Medellín está llena de lugares fascinantes donde día a día las personas trabajan y se reúnen en torno a un mismo objetivo: superar barreras, eliminar estigmas, dar felicidad, tranquilidad, construir paz. No estamos hablando de una paz política. Es una consigna de vida, una forma de hacer las cosas y de generar confianza.

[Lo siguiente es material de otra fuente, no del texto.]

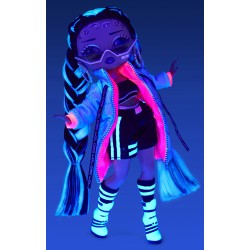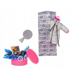 W zestawie: modna lalka, ubrania, buty, akcesoria, pudełko na kapelusze, światło ultrafioletowe, szczotka do włosów, torba na ubrania, naklejka, wieszak, stojak na lalkę, opakowanie wielokrotnego użytku do zabawy. Laleczka L.O.L. Surprise Dance Dance Dance O.M.G. B-Gurl wraz z 15 niespodziankami. Ma oszałamiające rysy, piękne włosy i własny bajeczny styl.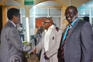 Poignée de main entre le Rédacteur en chef d’Iwacu et le ministre Tharcisse Nkezabahizi

Hace 50 años se fundó en Medellín la Bblioteca Comunitaria El Principito ubicada en el barrio La Esperanza entre los límites de la Comuna 6 y la Comuna 5, por unas mujeres que conformaban el grupo SERVICOR (Servir con el Corazón). En un principio estuvo ubicada en un salón de la parroquia del barrio, y luego se trasladó a la sede actual. Una casa pintada de azul que combina con casi todo lo que hay en su interior. En cuya fachada hay dibujadas estrellas de distintos colores y formas que hablan, como la biblioteca, de lo diversos que somos.

La Biblioteca Familia La Esperanza (como se llama hoy en día) es un espacio tan pequeño como mágico: para entrar hay que bajar unas escaleras que dan a una puerta metálica de color azul. Al llegar hay varios niños afuera ansiosos por entrar, pero esperan con paciencia a que sea la hora de apertura. “¿Todos los días son asi?” le preguntamos a una de las bibliotecólogas, ella responde con una sonrisa: “Todos”. Una vez abiertas las puertas el asombro es inmediato. A la derecha unos bellos cubículos enumerados para que todo el que ingrese deje sus objetos personales son prueba de que a pesar de ser un espacio para todos, también hay reglas. A simple vista es un lugar pequeño, pero su inmensidad no radica en los metros cuadrados. La Esperanza es, sin lugar a dudas, el hogar del conocimiento del barrio.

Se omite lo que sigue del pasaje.